■ **WORK TASK**: Pull every line containing "deuda" out of the material below.

■ **RECORDS SUPPLIED**:
+---+
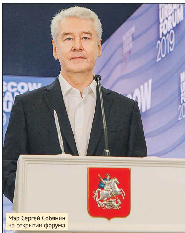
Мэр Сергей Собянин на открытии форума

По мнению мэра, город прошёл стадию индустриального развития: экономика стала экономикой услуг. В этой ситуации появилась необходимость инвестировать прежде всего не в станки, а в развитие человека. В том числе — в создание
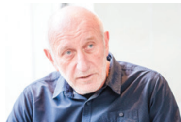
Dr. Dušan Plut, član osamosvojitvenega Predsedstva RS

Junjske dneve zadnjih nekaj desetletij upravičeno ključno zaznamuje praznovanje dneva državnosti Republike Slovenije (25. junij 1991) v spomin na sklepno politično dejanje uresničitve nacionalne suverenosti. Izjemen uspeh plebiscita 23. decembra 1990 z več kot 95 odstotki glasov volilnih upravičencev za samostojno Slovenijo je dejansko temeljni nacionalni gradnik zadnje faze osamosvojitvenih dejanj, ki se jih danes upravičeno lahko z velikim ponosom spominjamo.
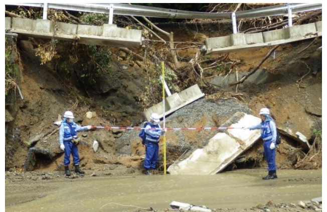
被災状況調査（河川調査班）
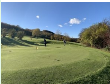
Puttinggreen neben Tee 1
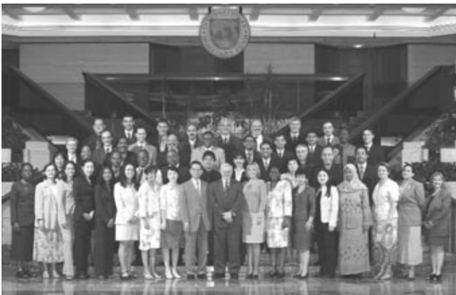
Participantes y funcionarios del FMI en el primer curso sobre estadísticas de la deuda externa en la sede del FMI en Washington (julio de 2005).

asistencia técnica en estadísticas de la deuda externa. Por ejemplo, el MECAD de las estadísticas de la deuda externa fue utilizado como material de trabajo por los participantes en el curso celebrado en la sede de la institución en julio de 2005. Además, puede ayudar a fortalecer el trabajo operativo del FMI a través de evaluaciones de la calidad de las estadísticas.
+---+
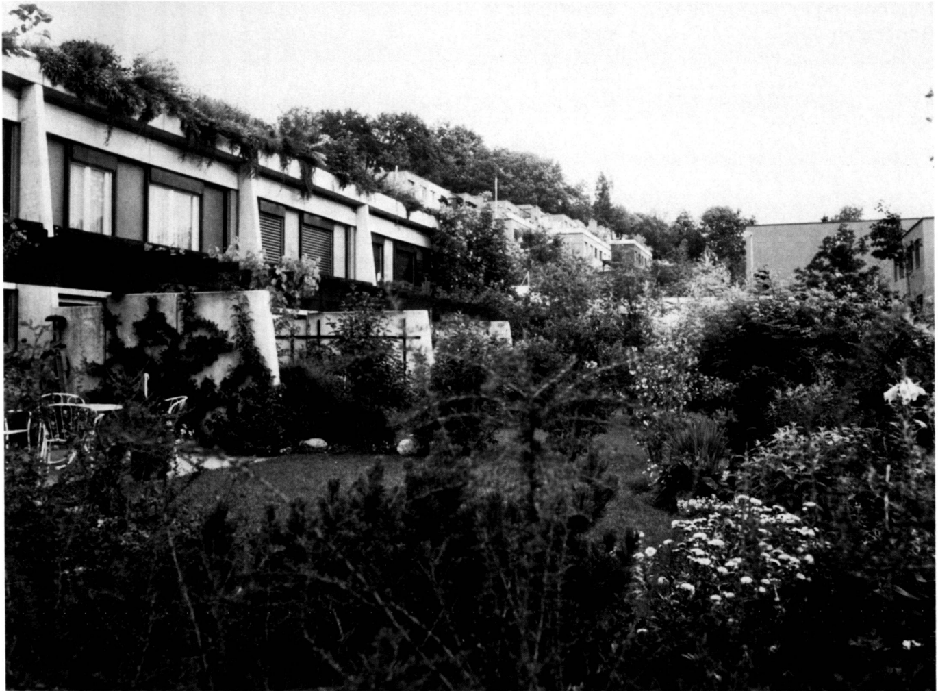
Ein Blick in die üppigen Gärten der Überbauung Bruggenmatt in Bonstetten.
+---+
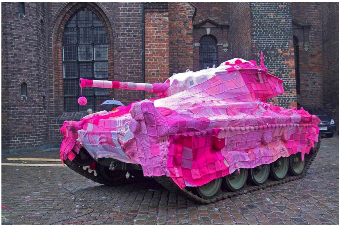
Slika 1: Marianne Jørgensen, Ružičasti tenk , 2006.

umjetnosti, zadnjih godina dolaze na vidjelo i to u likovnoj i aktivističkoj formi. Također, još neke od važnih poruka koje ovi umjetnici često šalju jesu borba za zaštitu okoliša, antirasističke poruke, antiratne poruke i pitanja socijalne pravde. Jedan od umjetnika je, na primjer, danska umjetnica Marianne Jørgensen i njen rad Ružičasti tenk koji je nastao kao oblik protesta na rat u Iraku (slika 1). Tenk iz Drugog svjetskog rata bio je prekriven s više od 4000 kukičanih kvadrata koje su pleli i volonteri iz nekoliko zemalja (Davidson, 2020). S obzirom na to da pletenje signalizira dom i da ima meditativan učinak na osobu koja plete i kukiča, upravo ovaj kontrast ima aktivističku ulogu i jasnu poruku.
+---+
■ **TASK RESULT**:
Participantes y funcionarios del FMI en el primer curso sobre estadísticas de la deuda externa en la sede del FMI en Washington (julio de 2005).
asistencia técnica en estadísticas de la deuda externa. Por ejemplo, el MECAD de las estadísticas de la deuda externa fue utilizado como material de trabajo por los participantes en el curso celebrado en la sede de la institución en julio de 2005. Además, puede ayudar a fortalecer el trabajo operativo del FMI a través de evaluaciones de la calidad de las estadísticas.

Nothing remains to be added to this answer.